The Breakwater House is ambitious in the way it includes stories and daydreams in the lives of its characters, but this kind of fiction, which explores intense internal events, relies in part on the subjectivity of the main character, on readers being able to imagine through her. In this book the notebooks are written by one woman, but they assume an omniscience that scatters the attention. The main character can get lost. When that happens, the many indirections and misdirections of the text can start to read as obfuscation. The narrator speaks of “the irresistible charm of something we will someday understand,” and most of us know that charm. Good readers like to feel on the edge of their seats, waiting for the excitement of feeling what it might be like to grasp something they cannot quite get. There are writers who can put us in that place. They do it by writing as if their thoughts are leaping. We have to sit forward to read them before they jump off the page. Quiviger is aiming for this kind of prose, and she writes with some unusual insights and with the occasional leavening of irony and humour. But often gnomic utterances such as “You will lose only what you can’t let go of” and “the imagination holds in reserve a multitude of emergency exits” and opacities such as the description of light that comes “from the present tense, the first time we learn to conjugate, the first time whose secret we forget” coagulate on the page—and sound like things we have heard before. The Breakwater House is a novel in translation, but this is a matter of attitude as much as language. As for the language, it is much more striking when it is specific, evoking the feeling of “creamy wind on new skin,” for example, or making observations like this: that the addition of ribbons, buttons or appliqués could “boost the morale” of a pair of beige slacks.
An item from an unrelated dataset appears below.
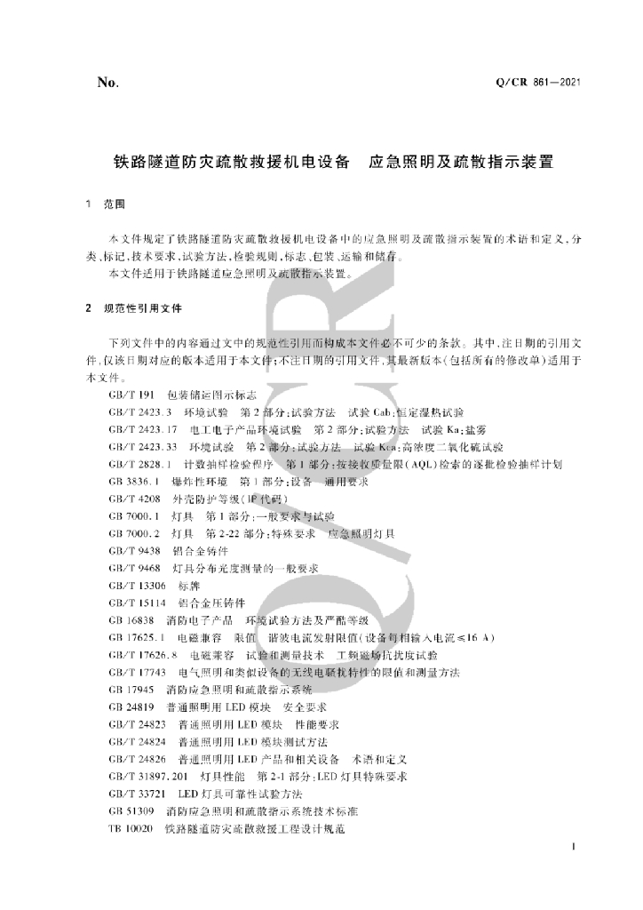 Q/CR 861-2021 铁路隧道防灾疏散救援机电设备应急照明及疏散指示装置
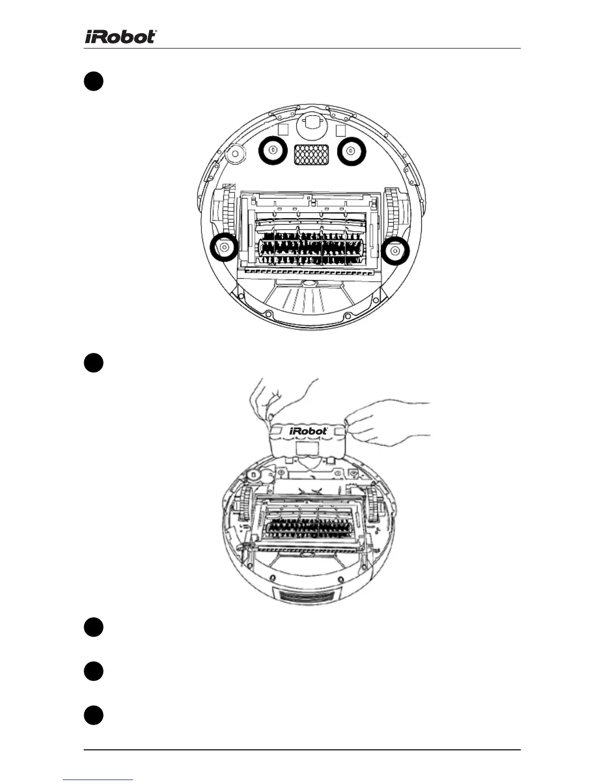 Unscrew the four screws shown below and remove Roomba’s bottom

At one point Lucie’s storytelling mother “contrives a tale designed to deepen the mystery” of a character. The Breakwater House often reads like a tale designed to deepen the mystery of its characters and events, as if they—like those beige slacks—would not be interesting enough without the addition of some decoration. There is so much appliqué in this novel. The question is this: Do all these pieces lead to understanding? We like puzzles. They intrigue us; they may even lead us to hope they have something to teach us. Here, the fantasies and the aphorisms and the fairy tale motifs (gates, keys, twins, messages in bottles, etc.) are an invitation to play, but grief is not a game, and invention cannot do the work of imagination.
Connie Gault writes fiction and plays. Her most recent book is the novel Euphoria (Coteau Books, 2009).